American Sign Language is the part of Sign Language which is mostly used by deaf and dumb people in the world
Artificial Neural Network (ANN), a brain-style computational model, has been used for many applications. Researchers have developed various ANN’s structure in accordant with their problem. After the network is trained, it can be used for image classification. The Support Vector Machine is a theoretically superior machine learning methodology with great results in classification of high dimensional datasets and has been found competitive with the best machine learning algorithms. In the past, CNNs have been tested and evaluated only as pixel-based image classifiers. Moving from pixel-based techniques towards object-based representation, the dimensions of remote sensing imagery feature space increases significantly. This results increasing complexity of the classification process, and causes problems to traditional sample-based classification schemes.

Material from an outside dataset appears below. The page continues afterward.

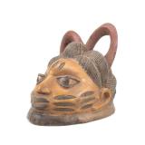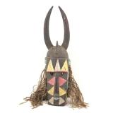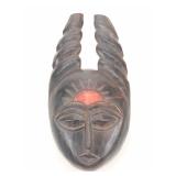 - 1054 VTG WEST AFRICAN HAND CARVED HORNED TRIBAL MASK

In this study, we have developed a novel approach of recognizing hand number gestures by recognizing or labeling hand parts in depth images. Our proposed approach consists of two main processes: hand parts recognition by random forests (RFs) classifier and rule based hand number gestures recognition. The main advantage of our proposed approach is that the state of each finger is directly identified through the recognize hand parts and then number gestures are recognized based on the state of each finger.
II. RELATED WORK
This work include the feature extraction, gesture recognition process for that they have proposed a novel approach for recognizing hand number gestures using the recognized hand parts in a depth image. In this paper they proposed a system in that approach they divided that approach into two stages: (i) Hand parts recognition by random forests (RFs) and (ii) rule-based hand number gestures recognition. This contains pairs of depth maps and their Corresponding hand pats labeled maps was generated after that they used DB to training RFs. In the second stage, a depth image was first captured from a depth camera and then a hand depth silhouette was extracted by removing the background. Next, the hand parts of a depth silhouette were recognized using the trained RFs. Next, a set of features was extracted from the labeled on the extracted features, labeled hand parts finally they used rule-based approach to recognize number gesture (2014) [1]. This work include the techniques like thresholding, feature extraction, on the help of this feature they proposed a simple method for recognition of numbers. They used thresholding value for recognition of numbers. They divide that method into three stages i.e. first they captured image by using web camera after capturing image they applied threshold value on that and using that threshold value they recognized the numbers(2011) [2].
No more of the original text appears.